Data extracted from a collection
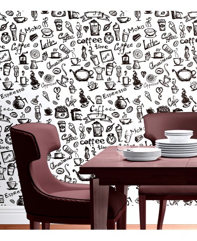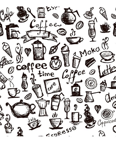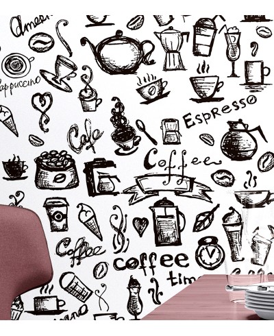 Papel De Parede Gourmet Café com fundo branco e detalhes preto que permitem uma ótima opção para decorar aquele cantinho especial do café.
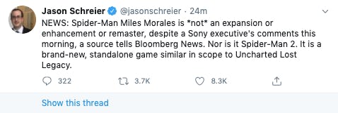 Later, Bloomberg's Jason Schreier clarified that Miles Morales will be comparable in size and scope to the fun-sized Uncharted 4 spinoff, The Lost Legacy.
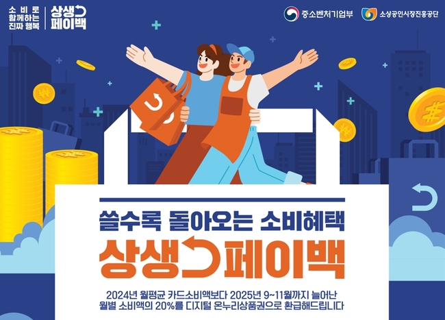 상생페이백은 만 19세 이상 국민과 외국인을 대상으로, 올해 9월부터 11월까지 월별 카드 사용액이 지난해 본인 월평균 소비액보다 증가할 경우, 증가분의 20%를 디지털 온누리상품권으로 환급해 주는 사업이다.
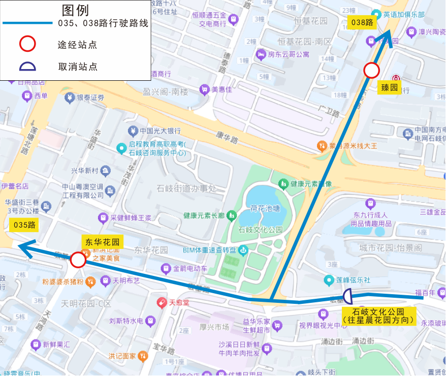 公共汽车035、038路临时取消停靠“石岐文化公园”站(往星晨花园方向)示意图
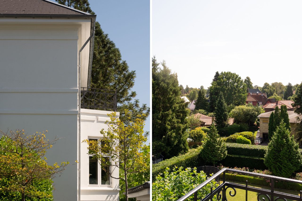 Førstesalen byder på tre store værelser og to elegante badeværelser, hvoraf det ene værelse har adgang til en altan med udsigt over den frodige have.
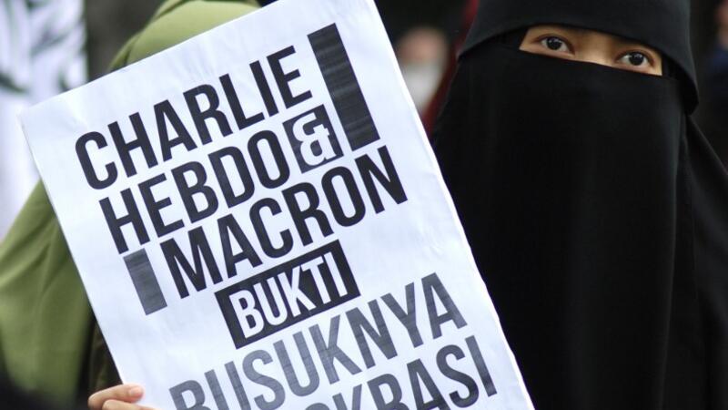 A Muslim demonstrator holds a placard during a protest against French President Emmanuel Macron for his comments over the Prophet Mohammed caricatures, in Bandung on October 30, 2020. Timur Matahari / AFP
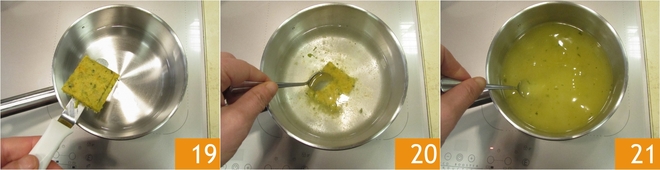 Para utilizar o caldo vegetal, recomendamos dissolver um cubo de 30 g em 1 litro de água 19. Mexa bem até que se dissolva 20. O caldo vegetal está pronto para ser utilizado 21!
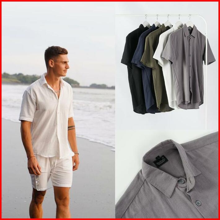 Kemeja Pria Linen Katun Angel Canggu Series Kemeja Pantai Putih Casual Lengan Pendek Polos Beachwell Bali
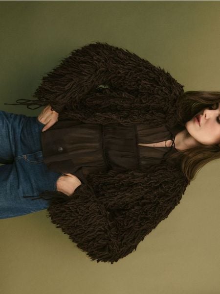 Kardigan o swobodnym kroju, wykonany z dzianiny.
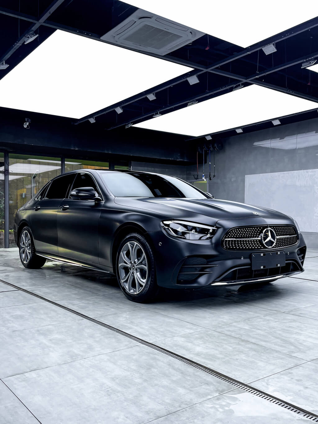 二、奔驰E级施工YEECAR哑光车衣施工案例效果图
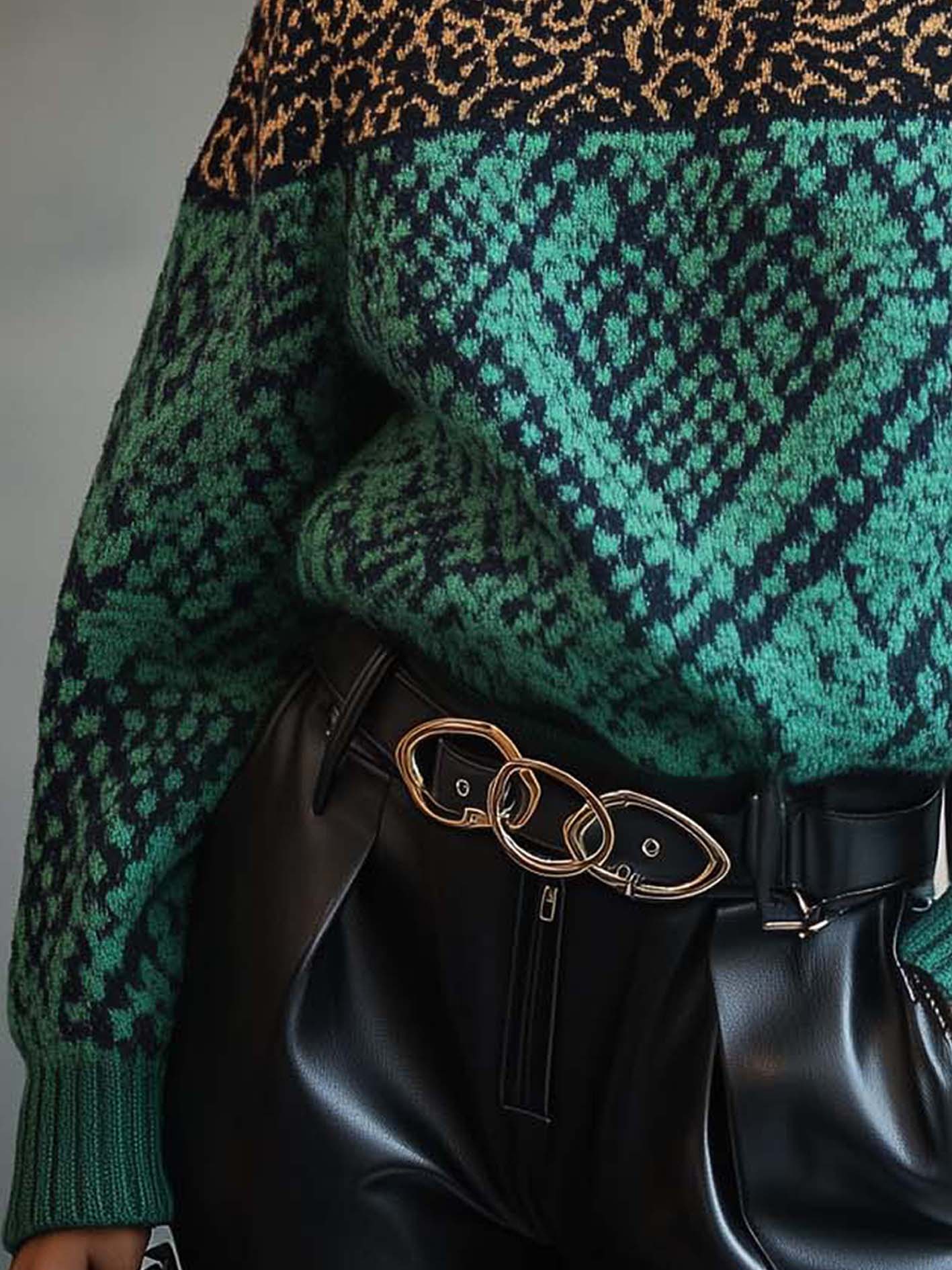 Pair this sweater with high-waisted leather trousers or slim-fit jeans for a sleek, modern twist on the retro look. For a softer outfit, it works beautifully with wool skirts or wide-leg trousers. Keep accessories minimal, such as gold or silver earrings and a structured handbag, allowing the sweater’s vibrant pattern to be the focal point. Boots or loafers complete the outfit effortlessly, enhancing both warmth and style.
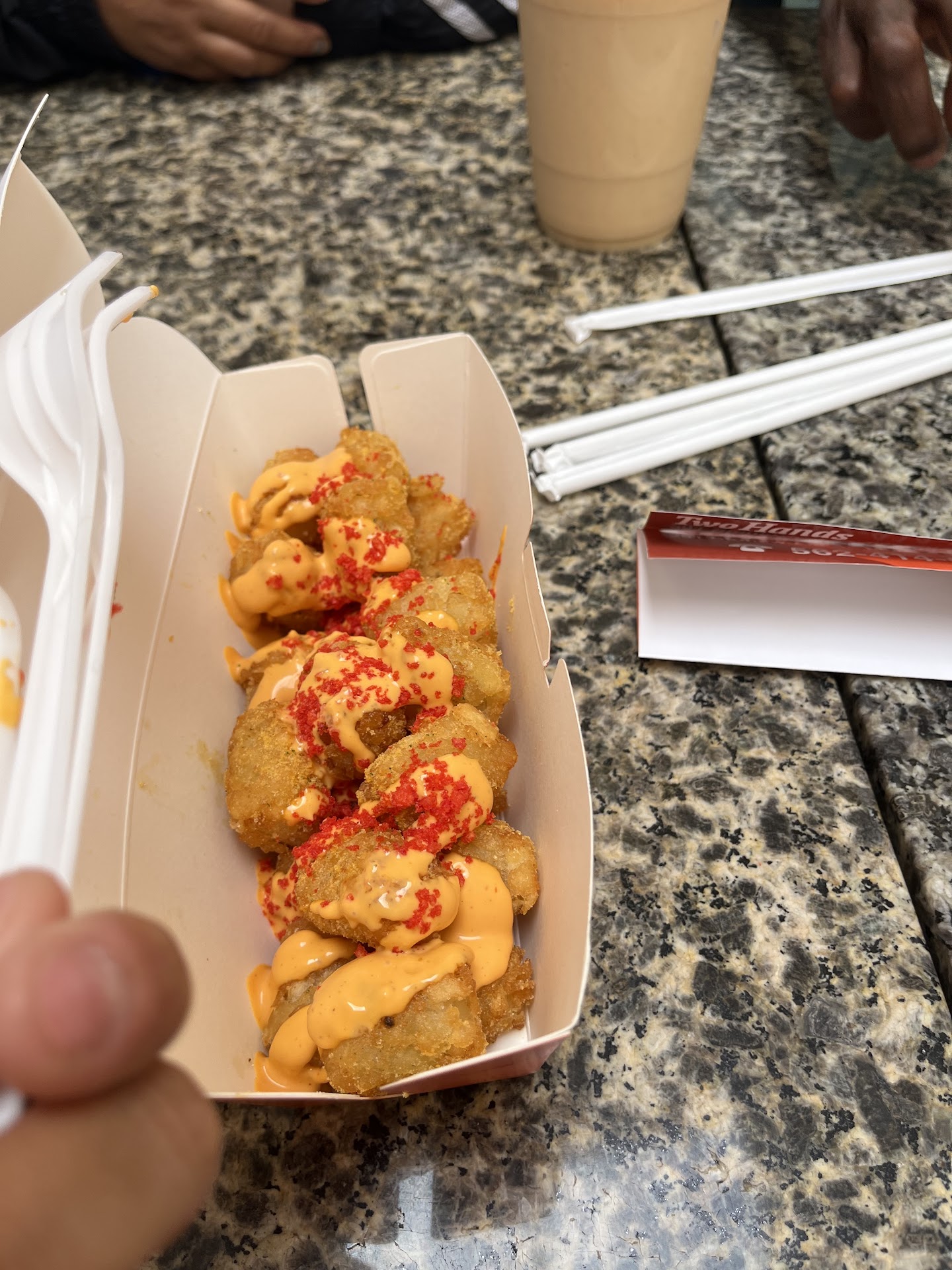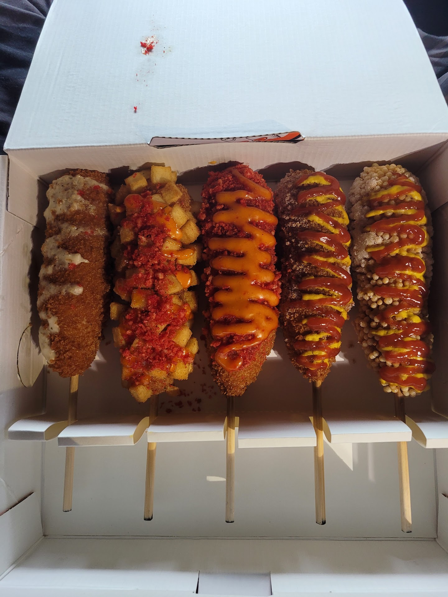 Read moreI ordered a combo meal and the signature set. The set comes with Corndogs chosen for you but you can pick the inside I chose all veggie sausage which was really good. My only flaw really was the service from the cooks. The service from the cashier was good he recommended me the spicy dog half half mozz & sausage and the dirty fries with the pineapple slush. My only real problem was that this lady making my food in front of my face with her hands got fries from my meal and went to the corner to eat it, Like ?? I’m sure they have plenty of fries for themselves but to honestly grab fries in front of the customers and eat them from their order is not right and shouldn’t be happeing. Other than that the food was good sauce was a bit watery but grabbing food from a customers order shouldn’t...

- **WORK INSTRUCTION**
Give back an exact repeat of the lines from the top of the data through the line that holds "Pair this sweater", both included, and omit pictures.

- **RESPONSE TO THE EXERCISE**
 Papel De Parede Gourmet Café com fundo branco e detalhes preto que permitem uma ótima opção para decorar aquele cantinho especial do café.
 Later, Bloomberg's Jason Schreier clarified that Miles Morales will be comparable in size and scope to the fun-sized Uncharted 4 spinoff, The Lost Legacy.
 상생페이백은 만 19세 이상 국민과 외국인을 대상으로, 올해 9월부터 11월까지 월별 카드 사용액이 지난해 본인 월평균 소비액보다 증가할 경우, 증가분의 20%를 디지털 온누리상품권으로 환급해 주는 사업이다.
 公共汽车035、038路临时取消停靠“石岐文化公园”站(往星晨花园方向)示意图
 Førstesalen byder på tre store værelser og to elegante badeværelser, hvoraf det ene værelse har adgang til en altan med udsigt over den frodige have.
 A Muslim demonstrator holds a placard during a protest against French President Emmanuel Macron for his comments over the Prophet Mohammed caricatures, in Bandung on October 30, 2020. Timur Matahari / AFP
 Para utilizar o caldo vegetal, recomendamos dissolver um cubo de 30 g em 1 litro de água 19. Mexa bem até que se dissolva 20. O caldo vegetal está pronto para ser utilizado 21!
 Kemeja Pria Linen Katun Angel Canggu Series Kemeja Pantai Putih Casual Lengan Pendek Polos Beachwell Bali
 Kardigan o swobodnym kroju, wykonany z dzianiny.
 二、奔驰E级施工YEECAR哑光车衣施工案例效果图
 Pair this sweater with high-waisted leather trousers or slim-fit jeans for a sleek, modern twist on the retro look. For a softer outfit, it works beautifully with wool skirts or wide-leg trousers. Keep accessories minimal, such as gold or silver earrings and a structured handbag, allowing the sweater’s vibrant pattern to be the focal point. Boots or loafers complete the outfit effortlessly, enhancing both warmth and style.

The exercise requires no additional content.